INFORMATION SUPPLIED Start Marker

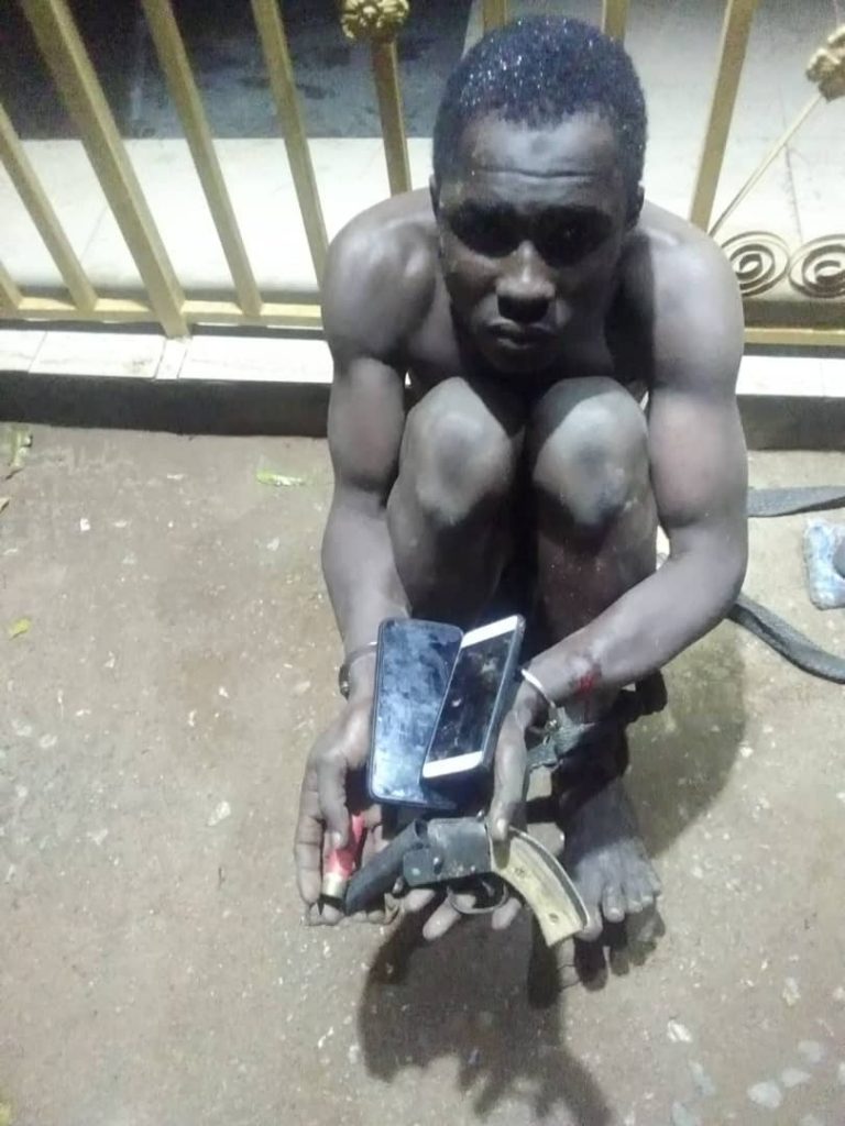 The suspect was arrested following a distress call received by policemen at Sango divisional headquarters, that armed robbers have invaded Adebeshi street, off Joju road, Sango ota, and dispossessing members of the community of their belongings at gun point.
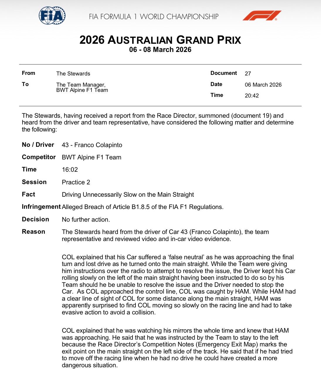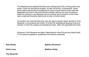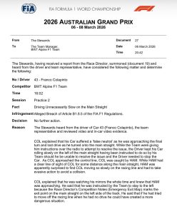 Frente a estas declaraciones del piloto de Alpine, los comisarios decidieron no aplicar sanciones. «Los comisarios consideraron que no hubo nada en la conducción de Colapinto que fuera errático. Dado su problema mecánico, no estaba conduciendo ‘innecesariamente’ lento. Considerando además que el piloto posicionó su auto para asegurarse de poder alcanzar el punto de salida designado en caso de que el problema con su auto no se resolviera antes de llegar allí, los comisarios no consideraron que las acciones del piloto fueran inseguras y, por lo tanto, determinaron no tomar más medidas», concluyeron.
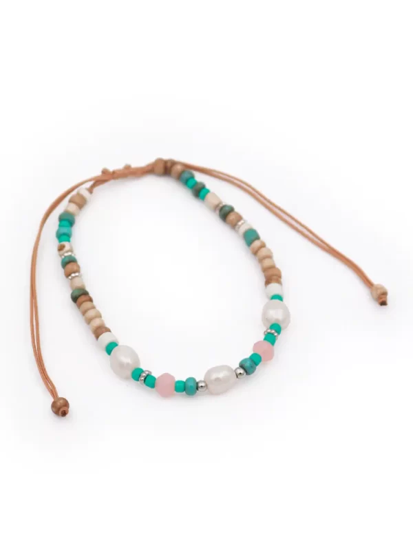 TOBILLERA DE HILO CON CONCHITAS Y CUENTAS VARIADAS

INFORMATION SUPPLIED End Marker

■ THE TASK ■
Output the data above in full and exactly, with every image left out.

■ OUTPUT BELOW ■
 The suspect was arrested following a distress call received by policemen at Sango divisional headquarters, that armed robbers have invaded Adebeshi street, off Joju road, Sango ota, and dispossessing members of the community of their belongings at gun point.
 Frente a estas declaraciones del piloto de Alpine, los comisarios decidieron no aplicar sanciones. «Los comisarios consideraron que no hubo nada en la conducción de Colapinto que fuera errático. Dado su problema mecánico, no estaba conduciendo ‘innecesariamente’ lento. Considerando además que el piloto posicionó su auto para asegurarse de poder alcanzar el punto de salida designado en caso de que el problema con su auto no se resolviera antes de llegar allí, los comisarios no consideraron que las acciones del piloto fueran inseguras y, por lo tanto, determinaron no tomar más medidas», concluyeron.
 TOBILLERA DE HILO CON CONCHITAS Y CUENTAS VARIADAS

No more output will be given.